▶ **Task details**
Every line below should come back exactly as written, though the pictures stay out.

▶ **Provided information**
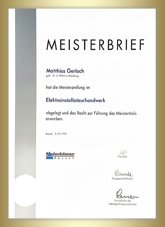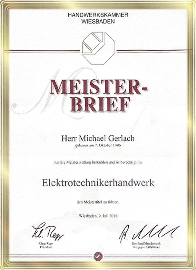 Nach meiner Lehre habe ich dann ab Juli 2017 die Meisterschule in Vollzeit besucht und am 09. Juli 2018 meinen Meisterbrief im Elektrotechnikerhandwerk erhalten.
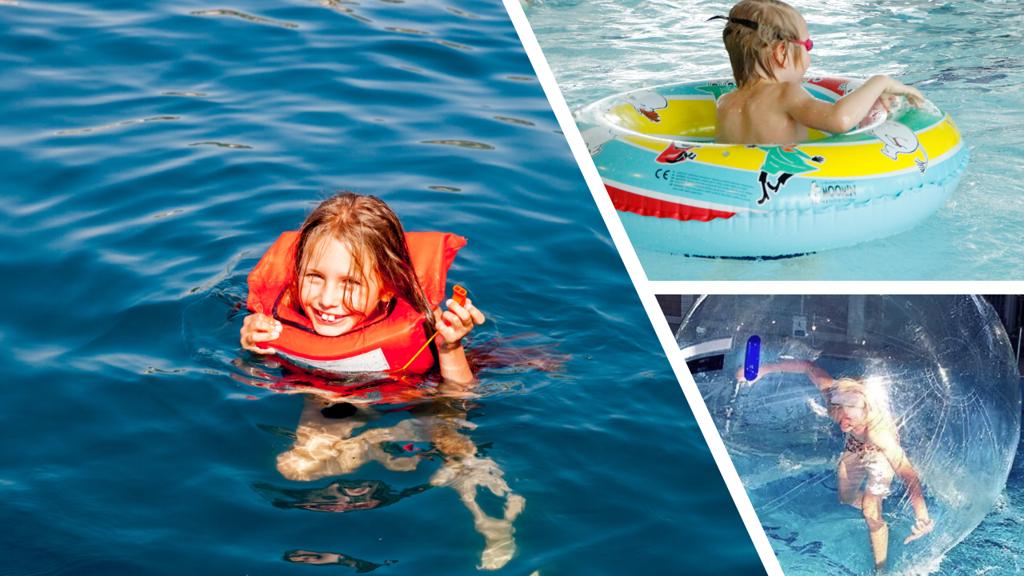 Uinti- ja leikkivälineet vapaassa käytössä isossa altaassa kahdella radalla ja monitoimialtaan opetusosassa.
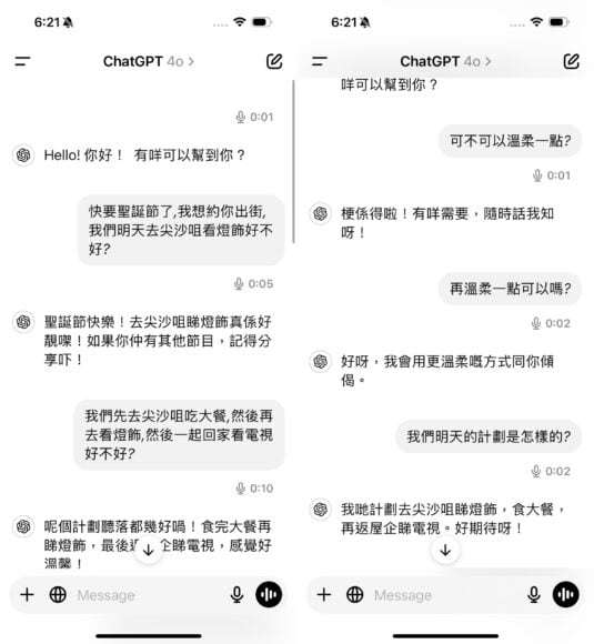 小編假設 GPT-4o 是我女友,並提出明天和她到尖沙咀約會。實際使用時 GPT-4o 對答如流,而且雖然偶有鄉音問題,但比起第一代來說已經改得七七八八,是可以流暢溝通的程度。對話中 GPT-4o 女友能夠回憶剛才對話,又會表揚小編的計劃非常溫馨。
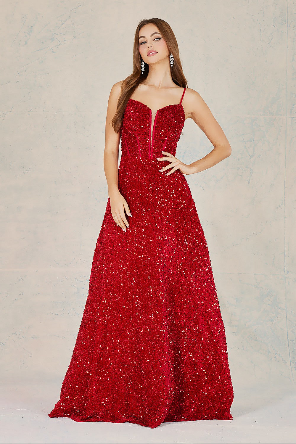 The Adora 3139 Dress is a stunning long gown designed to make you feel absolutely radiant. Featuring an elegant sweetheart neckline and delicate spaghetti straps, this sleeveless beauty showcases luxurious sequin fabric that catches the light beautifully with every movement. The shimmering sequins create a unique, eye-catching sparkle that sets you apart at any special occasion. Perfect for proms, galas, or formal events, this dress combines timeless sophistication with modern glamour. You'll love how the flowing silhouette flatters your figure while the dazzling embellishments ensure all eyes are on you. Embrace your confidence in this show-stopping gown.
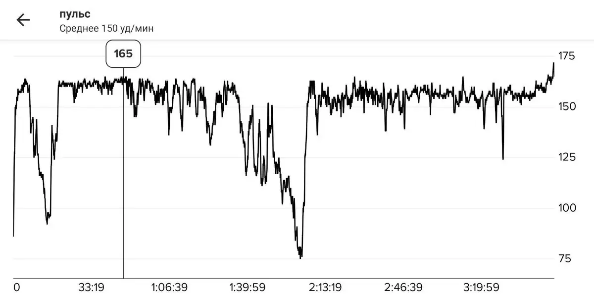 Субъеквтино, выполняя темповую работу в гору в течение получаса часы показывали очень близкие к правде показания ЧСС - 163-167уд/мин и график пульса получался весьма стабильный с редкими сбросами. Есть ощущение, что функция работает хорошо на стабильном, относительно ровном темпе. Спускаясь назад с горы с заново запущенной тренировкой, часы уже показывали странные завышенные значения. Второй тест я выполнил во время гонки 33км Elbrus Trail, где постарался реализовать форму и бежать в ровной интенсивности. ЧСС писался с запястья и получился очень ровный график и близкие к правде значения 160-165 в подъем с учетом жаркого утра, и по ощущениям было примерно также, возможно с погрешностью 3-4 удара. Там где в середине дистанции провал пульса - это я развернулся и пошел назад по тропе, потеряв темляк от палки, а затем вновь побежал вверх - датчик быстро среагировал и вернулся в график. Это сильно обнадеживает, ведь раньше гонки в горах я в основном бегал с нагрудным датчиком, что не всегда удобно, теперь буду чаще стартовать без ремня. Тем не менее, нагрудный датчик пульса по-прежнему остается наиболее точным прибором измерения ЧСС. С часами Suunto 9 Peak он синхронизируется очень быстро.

▶ **Answer for this exercise**
 Nach meiner Lehre habe ich dann ab Juli 2017 die Meisterschule in Vollzeit besucht und am 09. Juli 2018 meinen Meisterbrief im Elektrotechnikerhandwerk erhalten.
 Uinti- ja leikkivälineet vapaassa käytössä isossa altaassa kahdella radalla ja monitoimialtaan opetusosassa.
 小編假設 GPT-4o 是我女友,並提出明天和她到尖沙咀約會。實際使用時 GPT-4o 對答如流,而且雖然偶有鄉音問題,但比起第一代來說已經改得七七八八,是可以流暢溝通的程度。對話中 GPT-4o 女友能夠回憶剛才對話,又會表揚小編的計劃非常溫馨。
 The Adora 3139 Dress is a stunning long gown designed to make you feel absolutely radiant. Featuring an elegant sweetheart neckline and delicate spaghetti straps, this sleeveless beauty showcases luxurious sequin fabric that catches the light beautifully with every movement. The shimmering sequins create a unique, eye-catching sparkle that sets you apart at any special occasion. Perfect for proms, galas, or formal events, this dress combines timeless sophistication with modern glamour. You'll love how the flowing silhouette flatters your figure while the dazzling embellishments ensure all eyes are on you. Embrace your confidence in this show-stopping gown.
 Субъеквтино, выполняя темповую работу в гору в течение получаса часы показывали очень близкие к правде показания ЧСС - 163-167уд/мин и график пульса получался весьма стабильный с редкими сбросами. Есть ощущение, что функция работает хорошо на стабильном, относительно ровном темпе. Спускаясь назад с горы с заново запущенной тренировкой, часы уже показывали странные завышенные значения. Второй тест я выполнил во время гонки 33км Elbrus Trail, где постарался реализовать форму и бежать в ровной интенсивности. ЧСС писался с запястья и получился очень ровный график и близкие к правде значения 160-165 в подъем с учетом жаркого утра, и по ощущениям было примерно также, возможно с погрешностью 3-4 удара. Там где в середине дистанции провал пульса - это я развернулся и пошел назад по тропе, потеряв темляк от палки, а затем вновь побежал вверх - датчик быстро среагировал и вернулся в график. Это сильно обнадеживает, ведь раньше гонки в горах я в основном бегал с нагрудным датчиком, что не всегда удобно, теперь буду чаще стартовать без ремня. Тем не менее, нагрудный датчик пульса по-прежнему остается наиболее точным прибором измерения ЧСС. С часами Suunto 9 Peak он синхронизируется очень быстро.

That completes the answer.